Epigenetics is not a get-out-of-DNA-jail-for-free card. I'd guess that most of the DNA modifications going on actually proceed by *rules encoded in the genome* (like X chromosome inactivation), and actual consistent epigenetic inheritance not encoded in the genome is in the minority.
And what about things like maternal effects? To simulate Drosophila development, yes, you'd need to know that there is a gradient of bicoid in the egg before development even starts. But why couldn't the egg be simulated, in principle, based on the information in the maternal genome?
Ridley isn't intending this:
Which suggests that he knows that a developmental context is needed. The big aspect I can see missing is maternal RNA, but that could either be provided by the ostrich or it worked out by computer (as I was suggesting).
That's fine, we've got 90 years to go. I guess Ridley is more of an optimist than Flaky.
Bob
Reminds me of the ST:Enterprise episode where Archer's stupid mutt widdles on an alien culture's sacred tree.
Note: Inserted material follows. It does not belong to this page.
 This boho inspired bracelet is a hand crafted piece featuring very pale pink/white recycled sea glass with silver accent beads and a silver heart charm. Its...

Archer protests that the aliens had been supplied with the dog's DNA; they should have been able to work out that dogs like to pee on vertical objects, just for the hell of it.
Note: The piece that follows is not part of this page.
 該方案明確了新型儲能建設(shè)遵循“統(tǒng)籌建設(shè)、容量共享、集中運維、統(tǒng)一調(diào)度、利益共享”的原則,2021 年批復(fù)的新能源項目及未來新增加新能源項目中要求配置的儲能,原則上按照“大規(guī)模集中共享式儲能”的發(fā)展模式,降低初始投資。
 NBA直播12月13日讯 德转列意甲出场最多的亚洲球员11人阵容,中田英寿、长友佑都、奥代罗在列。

Porteous: that series' winner of the Wesley Crusher "Please Space That Character" Award.
The main problem that comes to my mind in the assertion that you "can take just about any DNA recipe and read off a passable 3-D interpretation of the animal it would create" is the hormonal/nutritional environment provided by the mother during pregnancy. (I suppose that could be counted as environment.) It presents a kind of chicken-or-the-egg problem: once you have simulated a complete working organism, then you can figure out how its body would affect the offspring, and then predict how that offspring would form.
It brings to mind numerous episodes of Star Trek: The Next Generation in which somebody's DNA got scrambled, the Doctor, the Ensign, or the Janitor looked at a big picture of a double helix, and fixed the poor crew member who was temporarily a monster. I guess "DNA recipe" is vague enough to include all that's needed, but even so I doubt such recipes would be available for many organisms, even with accelerated data collection.
We have hundreds of genomes now, although the sample is phylogenetically biased. I think we can manage a bit more by the end of this century, don't you?